Prompt: In the entries below, repeat only the lines between those holding "Prov. | Comu. |" and "震源地 | インドネシアのManokwariから北北西311kmの地点 |", inclusive. Leave pictures out.

Source data:
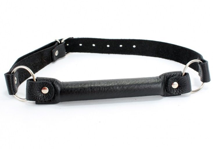 Черный кожаный кляп с цилиндрическим брусочком для рта.
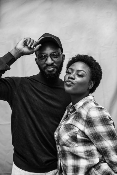 man in black crew neck t shirt and blue denim jeans sitting on white table
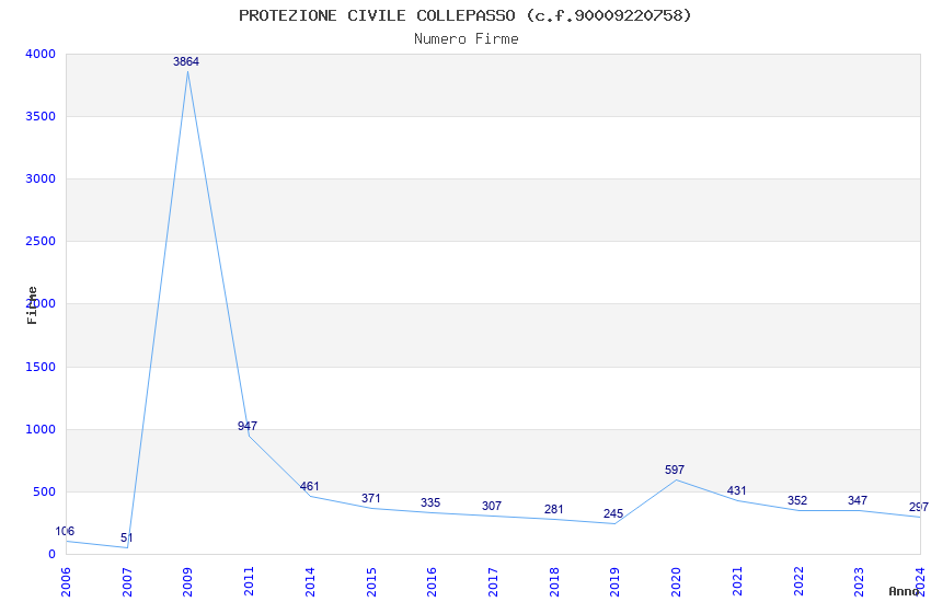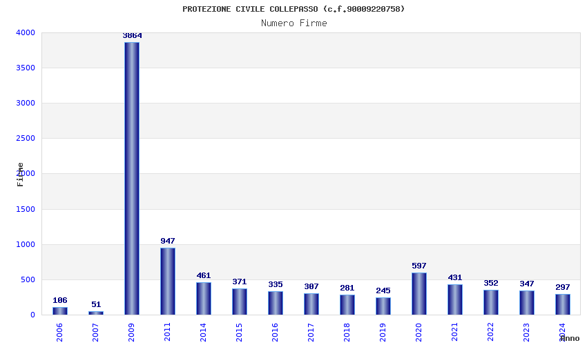| Anno | Firme | Importi | Media | Naz. | Reg. | Prov. | Comu. |
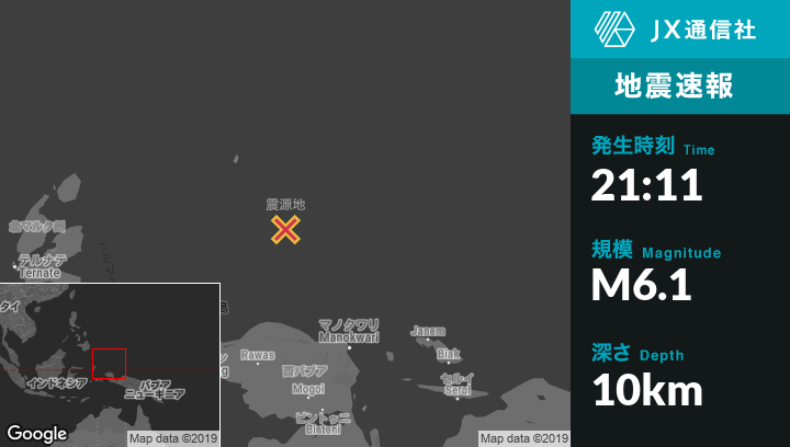 | 震源地 | インドネシアのManokwariから北北西311kmの地点 |
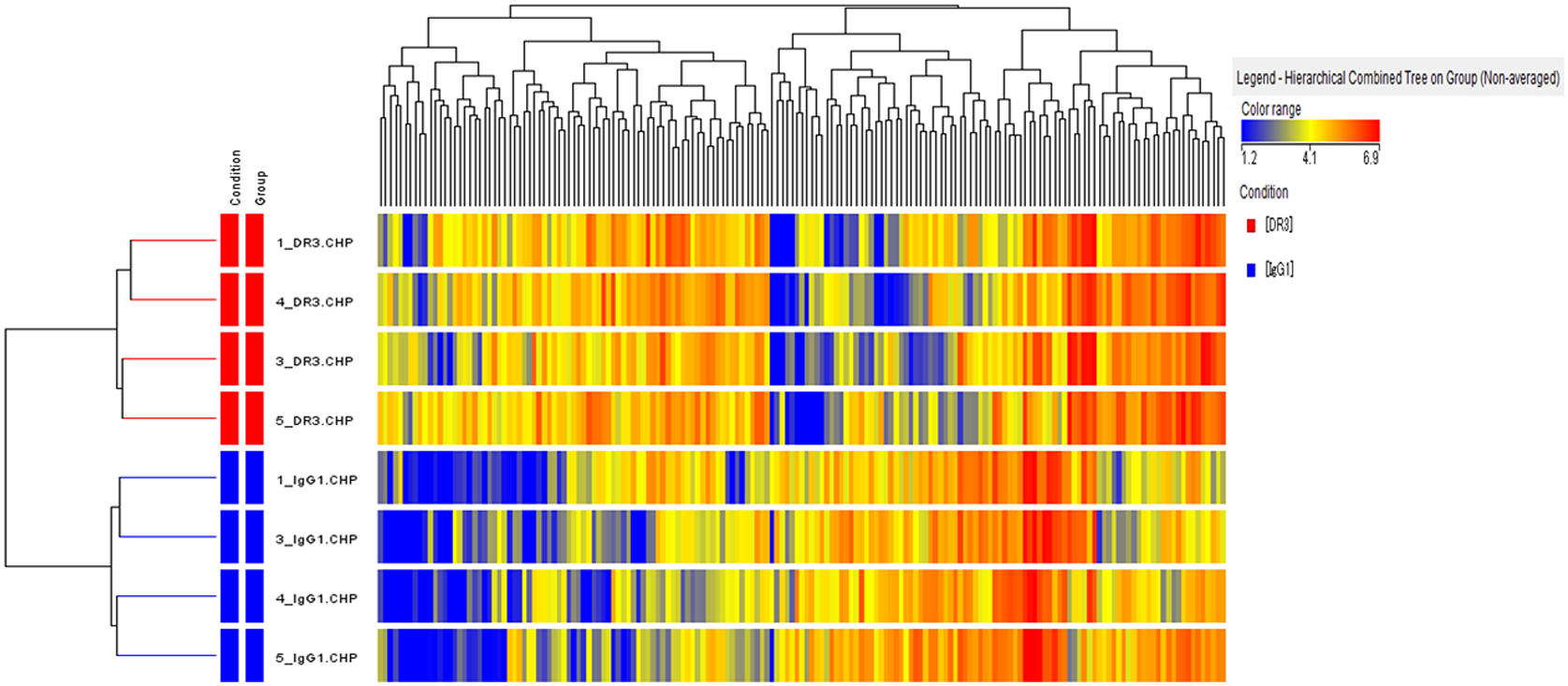 Results: Microarray data analysis revealed that DR3 up-regulated or down-regulated the expression of various genes in RA-FLS (Figure). The function of regulated genes included protein-L-isoaspartate (D-aspartate) O-methyltransferase activity, carboxyl-O-methyltransferase activity, protein carboxyl O-methyltransferase activity, regulation of cilium assembly, O-methyltransferase activity, regulation of plasma membrane bounded cell projection assembly, regulation of cell projection assembly, regulation of organelle assembly, protein methyltransferase activity, and S-adenosylmethionine-dependent methyltransferase activity. The most up-regulated 2 genes by DR3 were KIAA1109 (KIAA1109), and adhesion G protein-coupled receptor A3 (ADGRA3). The most down-regulated 2 genes by DR3 were RNA exonuclease 2 (REXO2), and family with sequence similarity 120A (FAM120A).
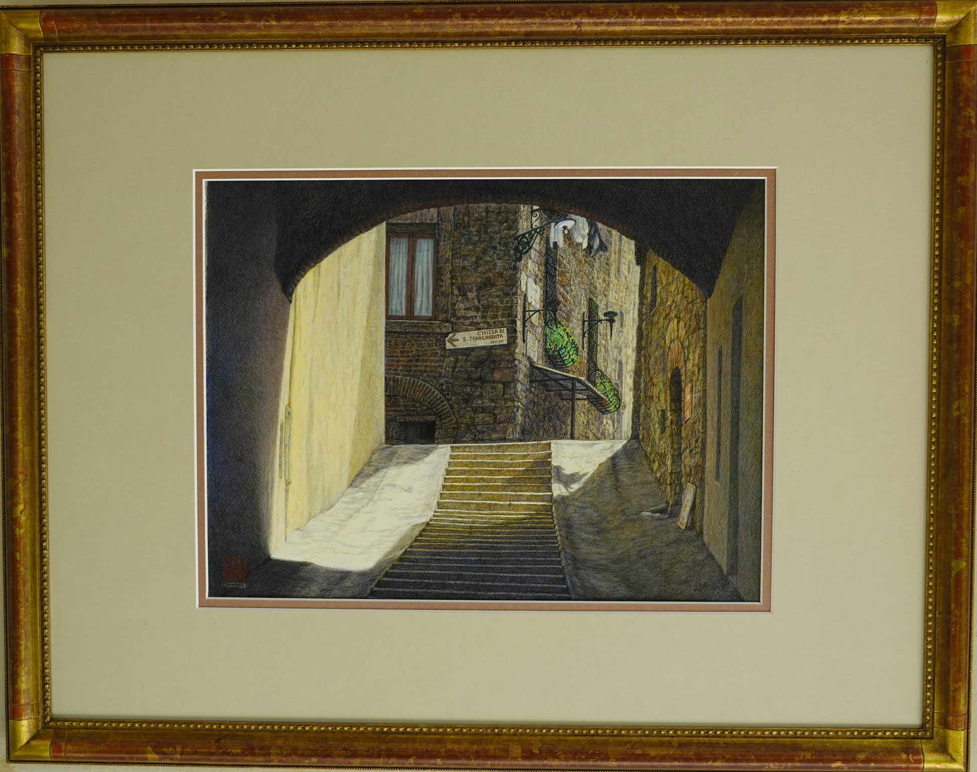 Il soggetto di questo dipinto è il sentiero che corre sotto gli edifici, salendo da Piazza Garibaldi al centro fino alla Fortezza Albornoz a sud della città.

Response area:
| Anno | Firme | Importi | Media | Naz. | Reg. | Prov. | Comu. |
 | 震源地 | インドネシアのManokwariから北北西311kmの地点 |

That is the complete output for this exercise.